Şeyma Nur Gürses [1]
“Mikropların öldürmeye başlaması için kuvvetli bir tahrik gerekir, ölümler başladığında onları durdurmak içinse çok daha güçlü bir çaba.” (Andrew Nikiforuk, 1996, 16)
Kitabın yazarı olan Andrew Nikiforuk, Kanadalı bir gazetecidir. Ağırlıklı olarak petrol endüstrisi, çevre kirliliği, insanlığı bekleyen felaketler ve devletlerin rolü üzerine yazdığı yazılarıyla tanınır. 1989, 1990 ve 1993’te Kanada Basın Derneği’nin Araştırmacı Gazetecilik Ödülü’nü alan yazar, 1991’de AIDS üzerine bir dizi makale yazmıştır. Salgın hastalıklarla ilgili “Pandemonium: Bird Flu, Mad Cow Disease and Other Biological Plagues of the 21st Century” isimli bir kitabı daha vardır.
Mahşerin Dördüncü Atlısı kitabının yazımında mikrop tarihçileri ve bakteri gözlemcileri olan bir grup insandan yardım aldığını belirtir. Bakteriler dünyasına ilgi duyduğunu ve bunu halk sağlığında birer öncü olan anne ve babasına borçlu olduğunu söyler.

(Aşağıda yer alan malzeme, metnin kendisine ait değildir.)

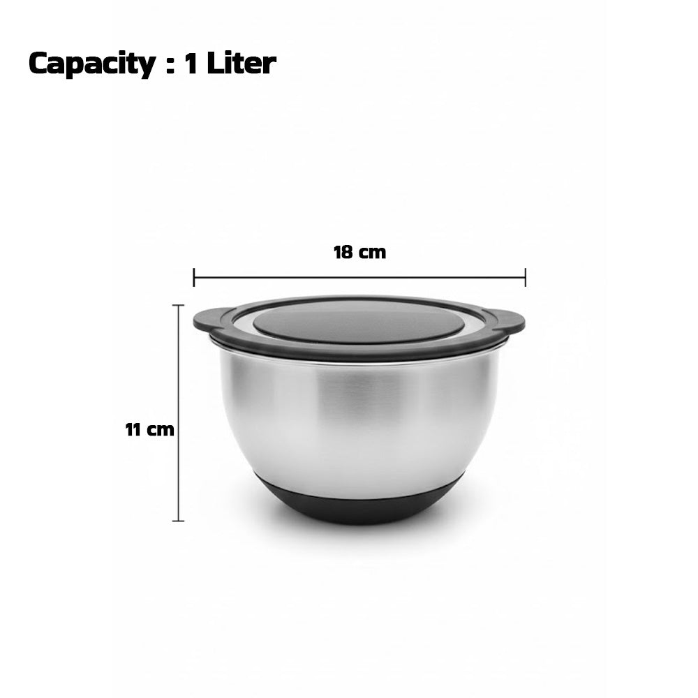 يأتي الوعاء بغطاء شفاف محكم الإغلاق يحافظ على نضارة الطعام ويتيح لك رؤية محتوياته دون الحاجة لفتحه. تضمن القاعدة المصنوعة من السيليكون المانع للانزلاق ثبات الوعاء أثناء الخلط أو الخفق أو التقديم، مما يمنع انسكاب الطعام على سطح العمل.

Salgın hastalıklarla ilgili birçok kitap yazılmıştır. Genellikle bu kitaplar tek bir hastalık üzerinedir. Bu kitapta olduğu gibi tarihte yaşanmış birçok salgın hastalığı içine alan bazı kitaplar da bulunmaktadır. Bunlardan biri Irwin W. Sherman’ın yazdığı “Dünyamızı Değiştiren On İki Hastalık” kitabıdır. Mahşerin Dördüncü Atlısı kitabının bu kitaplardan farkı, hastalıkları sağlık boyutunun yanında sosyal boyutuyla da ele almasıdır.

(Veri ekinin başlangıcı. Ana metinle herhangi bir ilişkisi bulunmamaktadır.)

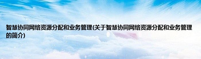 大家好,智慧协同网络资源分配和业务管理,关于智慧协同网络资源分配和业务管理的简介很多人还不知道,现在让我们一起来看看吧!

Salgın hastalıklar; geçmişte insanlığın geçirmiş olduğu tecrübelerden faydalanabilmek adına önemli bir konudur. Bu kitap, bahsi geçen hastalıkların yayılmasında sosyal hayatın önemini anlamak açısından dikkate değer bir kitaptır.
İlk baskısı 1991 yılında yapılan kitap, 1996 yılında güncelleştirilmiş haliyle tekrar basılır. Kitapta giriş ve son söz kısımları da dahil olmak üzere toplam on dört bölüm vardır. Girişten sonraki bölümde mikroorganizmalar hakkında genel bir bilgi veren yazar, sonrasında her bölümde bir salgın hastalığın tarihine değinir. Anlatımlarında salgın hastalıklarla ilgili bazı resimlere ve alıntılara da yer vermiştir.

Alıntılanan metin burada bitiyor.